But in literature, Jerusalem comes back to us. It's true that there is suffering; there is pain; there is occupation, and that's why Tamim Al-Barghouti, as a young Palestinian poet, I think is doing a great service to the Palestinian cause and the Palestinian struggle.
When you listen to him reciting his poem from Al-Quds, or other poems, he takes you to Jerusalem. You live in Jerusalem. He takes you back to it. You liberate it for just a little bit of time.
And if there is hope; if you can imagine a free Palestine, a free Jerusalem, probably you will work towards that, and the same thing applies to occupied Palestine.
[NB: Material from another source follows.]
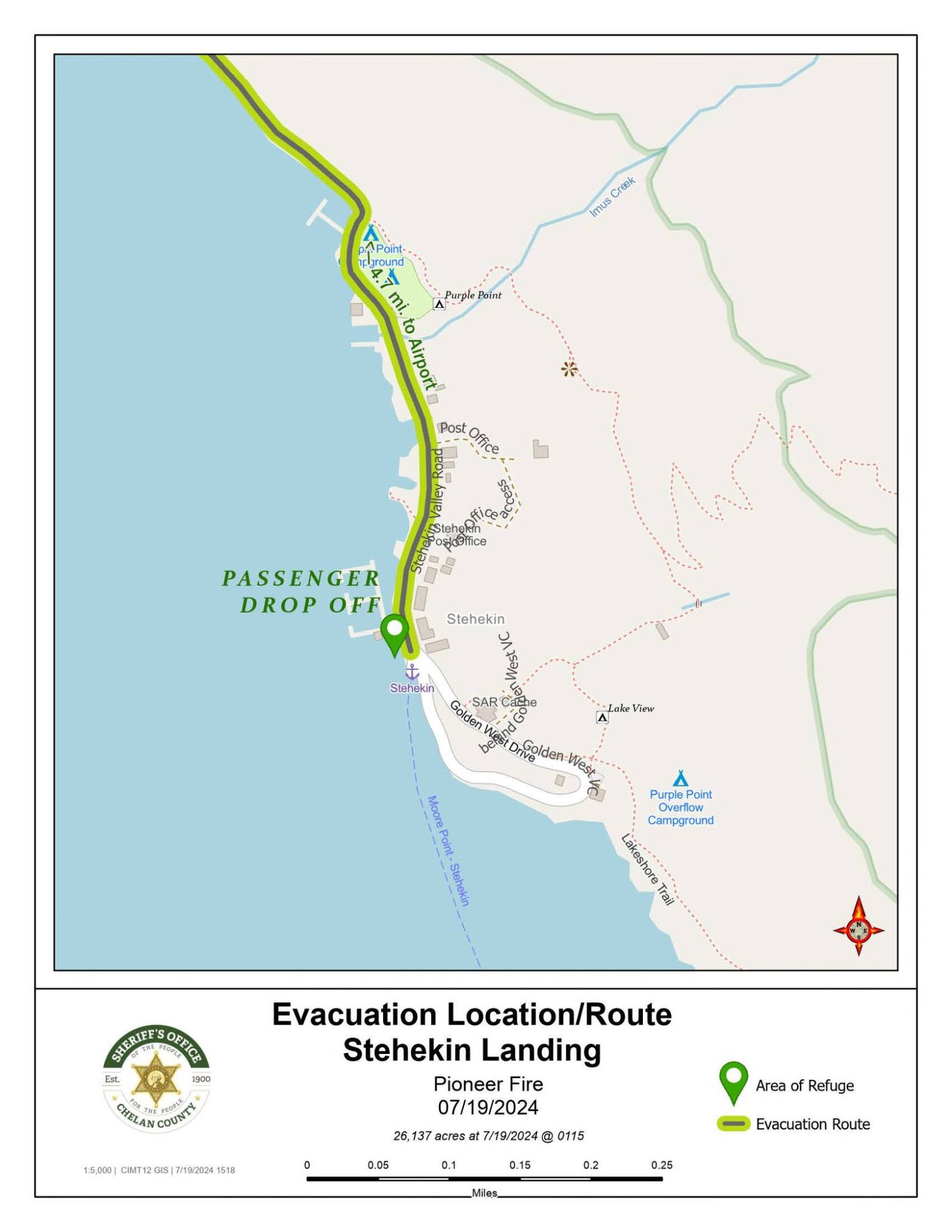 Areas of Refuge, with shuttle service, have also been established at the Stehekin Ranch, airfield, Buckner Orchard and Stehekin bakery. See the attached evacuation routes and locations.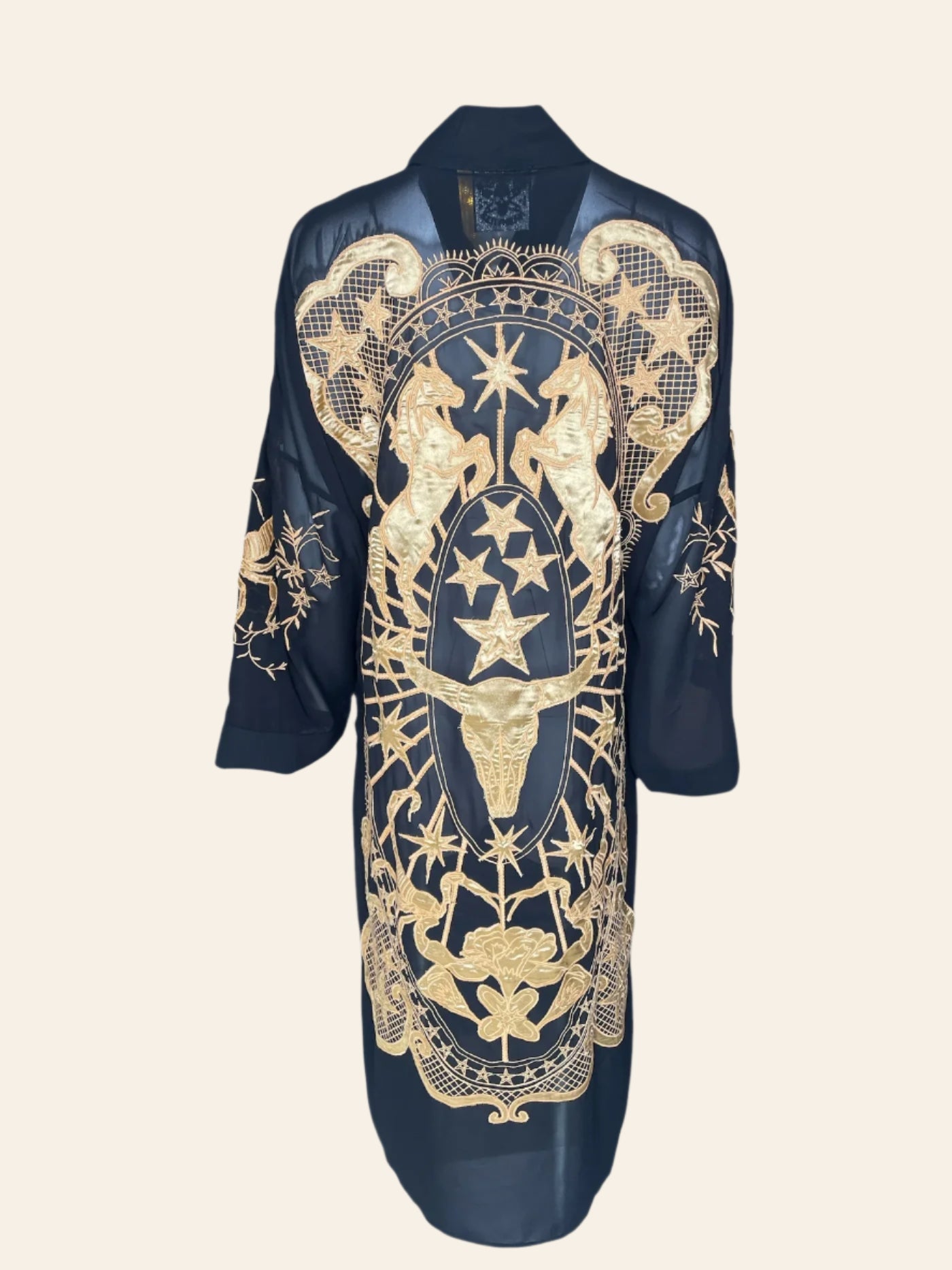 The Any Old Iron Wild Horses Duster is a 100% polyester, black garment that has been ornately decorated with golden satin detailing and embroidery. The golden design reveals mirroring horses, reared and ready to rumble; a series of stars in different sizes; a bull's head, a few scorpions, and some fauna. It is a tasteful tribute to all things wild, both in the west and on the other side of this screen. It is the perfect outer layer for any affair, from cheering your barrel-racing niece on to attending CMA Fest.

We've never been to other parts of Palestine because of the Israeli occupation, but we've been told so many times by our parents and our grandparents, especially our mothers, they've been telling us stories about Palestine in the past, the good old days, when Palestine was all beautiful, unoccupied, unraped.
Therefore, I say in in this case how our homeland turns into a story. In reality, we can't have it; we don't have it, but it can turn into poems, into literature, into stories, so our homeland turns into a story. We love our homeland because of the story. We love our homeland because of the story, and we love the story because it's about our homeland, and this connection is significant.
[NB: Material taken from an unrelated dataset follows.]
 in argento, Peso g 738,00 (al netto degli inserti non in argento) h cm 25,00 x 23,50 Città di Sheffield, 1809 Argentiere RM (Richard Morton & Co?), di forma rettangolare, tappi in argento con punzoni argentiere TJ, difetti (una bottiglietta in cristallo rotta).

Israel wants to sever this relationship, for example between Palestinians and the land; Palestinians and Jerusalem, and other places and cities, and literature attaches us back - connects us strongly to Palestine, so in my thinking, this is a very significant thing that literature contributes to. Creating realities; making the impossible sound possible.
In real life, again because we are here in Palestine and Gaza, I'll be giving you examples from Palestinian and Arab literature so we can compare and make things clearer. We all know Fadwa Tuqan, the Palestinian poet - and please do not introduce her as Ibrahim Tuqan's sister, let's talk about her as Fadwa Tuqan and then somewhere else mention that, "by the way, Ibrahim Tuqan was her brother". Let's not throw her under the shadow of a man, even if it's her brother, who was a great poet, we can't deny that.
So this is Fadwa Tuqan, a Palestinian poet, 40 years ago or 50 years ago, writing poetry... Of course, we always fall into this trap of saying "she was arrested for just writing poetry!" We do this, even us believers in literature, "Why would Israel arrest somebody or put somebody under house arrest if she only wrote a poem?!"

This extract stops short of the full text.